STM experiments were carried out on the fluorinated graphene for a better understanding of structures. Figure 9 shows these images, which are taken at low bias voltage of −75 mV at Fermi level. In Figure 9a, a 20 × 20 nm² area of fluorinated graphene is shown. The surface is covered by various defects, corrugations, etc. Standing waves with different structures near the defect area form these corrugations. The Fast Fourier transformation of Figure 9a is shown in Figure 9d, which clearly shows the first Brillouin zone of the hexagonal lattice and the K points. These K points are related to the standing waves pattern from the intervalley scattering [50]. All the defects in the surface are connected with the standing waves. Larger defects (zoomed in Figure 9b) show standing waves as straight lines similar to as observed in step edges. Thus, it can be concluded that the fluorinated graphene remains metallic [51]. In Figure 9c, the bright features are associated with the fluorine atoms. Combining the observation of standing waves related to delocalized electron at the conjugated sp² bonds from Figure 9b, it could be concluded that the fluorination happens near the defect sites created by the ion irradiation.
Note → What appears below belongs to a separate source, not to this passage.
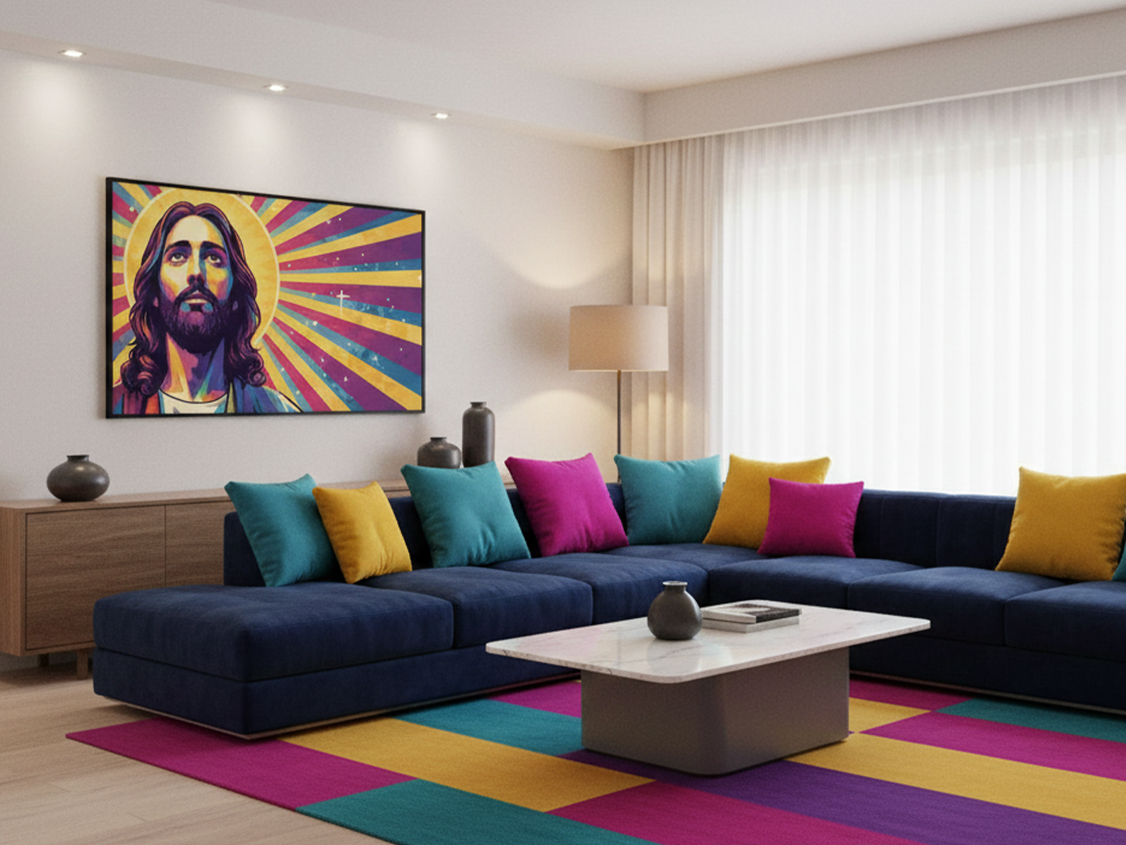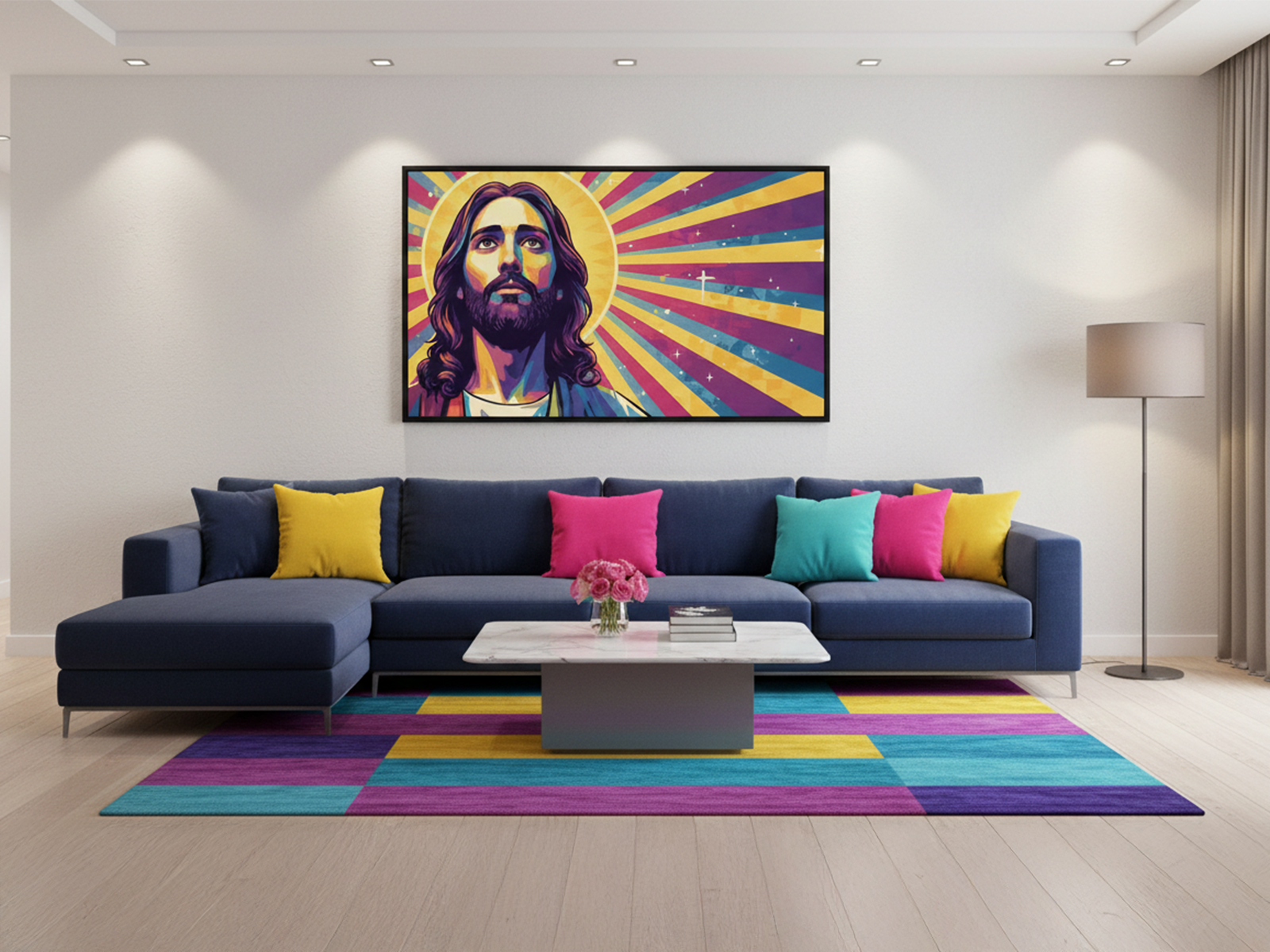 Este quadro decorativo aposta na estilização e se afasta do realismo clássico, aproximando a arte sacra de linguagens gráficas atuais. Assim, ele combina muito bem com móveis contemporâneos e ambientes modernos. A luz que irradia do fundo ilumina o espaço e cria um ponto focal relevante. Em suma, a obra une fé e design gráfico e traz uma mensagem positiva para o cotidiano.
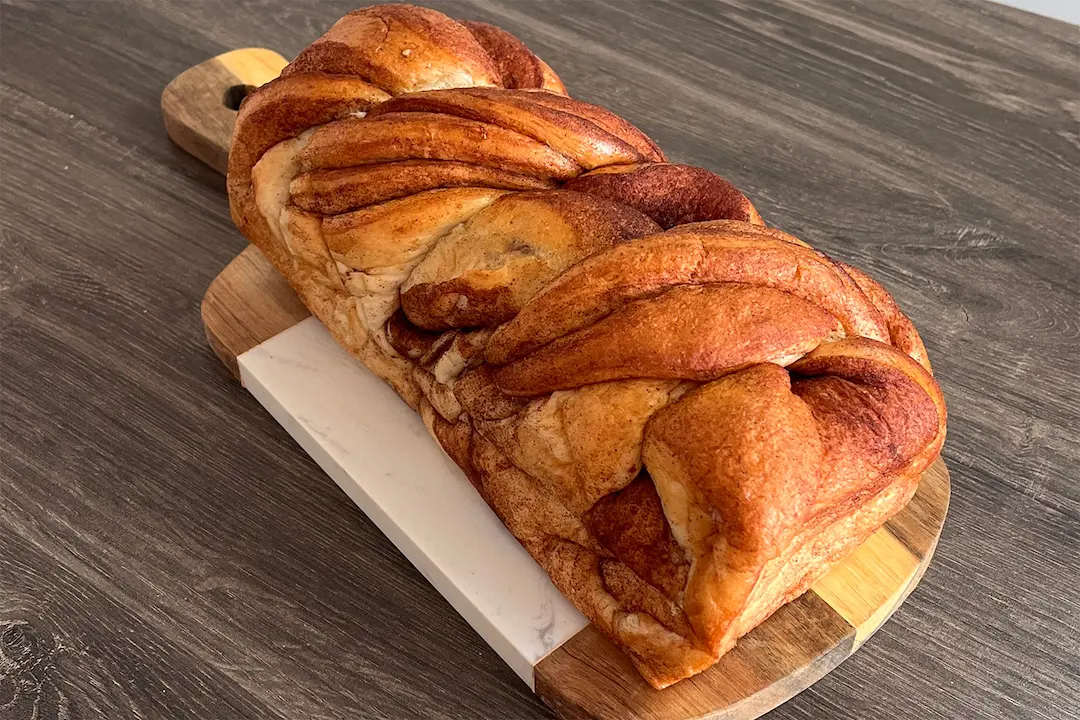 Imposible comer solo una rebanada. Tomamos nuestra masa más suave y la trenzamos a mano con capas abundantes de canela selecta y azúcar rubia. Al hornearse, el relleno se carameliza creando vetas húmedas y pegajosas que recorren todo el pan, mientras la corteza queda dorada y brillante.

We have also performed ab initio density functional-based calculations to find out fluorine adsorption characteristics on defected graphene. We have used two models of defected graphene for our calculations as shown in Figure 10. These models are: (i) divacancy model and (ii) hole-defect model. These are the two types of models that can be seen in the STM images. In these two types of defects, there are only four possible places for single fluorine adatoms to be adsorbed. These four places are marked as site A–D. In Table 1, we have tabulated the energetics. Our calculations show that the adsorption energy of the fluorine adatom on pristine graphene is very high compared to the di-vacancy and the hole defects. It implies that the fluorine atoms are prone to react with the carbon atom surrounding the defect sites. At site C, the carbon atom is radicalized due to the presence of dangling bonds and hence has very low adsorption energy for fluorine adsorption. In this case, the C–F bond is planar with a bond length of 0.136 nm, typical for sp² hybridization. The C–F bonds in other sites are all out of plane (perpendicular to the graphene lattice) and have sp³ hybridization. This strong bond between dangling bond and fluorine atoms implies that different gases could be utilized to functionalize graphene.

In conclusion, we have showed an experimental technique to design site-selective local fluorination using high kinetic energy ion irradiation and simultaneous XeF₂ gas injection. Our method opens up a possibility of functionalize graphene locally with a wide range of other functional materials.